Angelini Claudia, De Canditiis Daniela, Mutarelli Margherita, Pensky Marianna
Istituto per le Applicazioni del Calcolo.
Stat Appl Genet Mol Biol. 2007;6:Article24. doi: 10.2202/1544-6115.1299. Epub 2007 Sep 16.
The objective of the present paper is to develop a truly functional Bayesian method specifically designed for time series microarray data. The method allows one to identify differentially expressed genes in a time-course microarray experiment, to rank them and to estimate their expression profiles. Each gene expression profile is modeled as an expansion over some orthonormal basis, where the coefficients and the number of basis functions are estimated from the data. The proposed procedure deals successfully with various technical difficulties that arise in typical microarray experiments such as a small number of observations, non-uniform sampling intervals and missing or replicated data. The procedure allows one to account for various types of errors and offers a good compromise between nonparametric techniques and techniques based on normality assumptions. In addition, all evaluations are performed using analytic expressions, so the entire procedure requires very small computational effort. The procedure is studied using both simulated and real data, and is compared with competitive recent approaches. Finally, the procedure is applied to a case study of a human breast cancer cell line stimulated with estrogen. We succeeded in finding new significant genes that were not marked in an earlier work on the same dataset.
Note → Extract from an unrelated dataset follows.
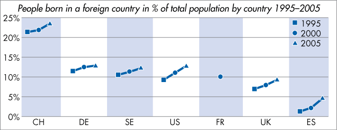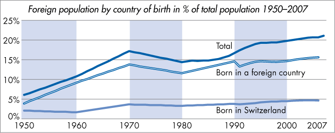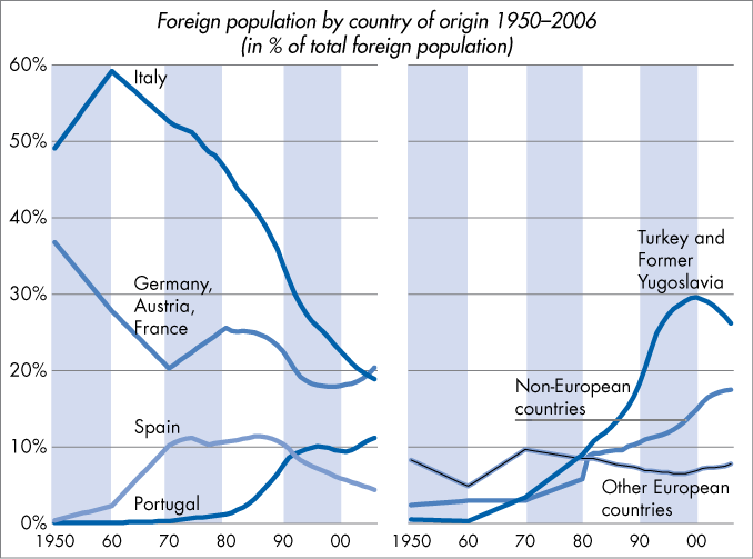 Foreign population by country of origin 1950–2006 (in % of total foreign population)

本文的目的是开发一种专门为时间序列微阵列数据设计的真正实用的贝叶斯方法。该方法能够在时间进程微阵列实验中识别差异表达基因,对其进行排名并估计其表达谱。每个基因表达谱被建模为在某个正交基上的展开,其中系数和基函数的数量从数据中估计得出。所提出的程序成功地处理了典型微阵列实验中出现的各种技术难题,如观测值数量少、采样间隔不均匀以及数据缺失或重复等问题。该程序允许考虑各种类型的误差,并在非参数技术和基于正态性假设的技术之间提供了良好的折衷方案。此外,所有评估均使用解析表达式进行,因此整个程序所需的计算量非常小。使用模拟数据和真实数据对该程序进行了研究,并与近期的竞争方法进行了比较。最后,将该程序应用于雌激素刺激的人乳腺癌细胞系的案例研究。我们成功地发现了在同一数据集的早期工作中未被标记的新的重要基因。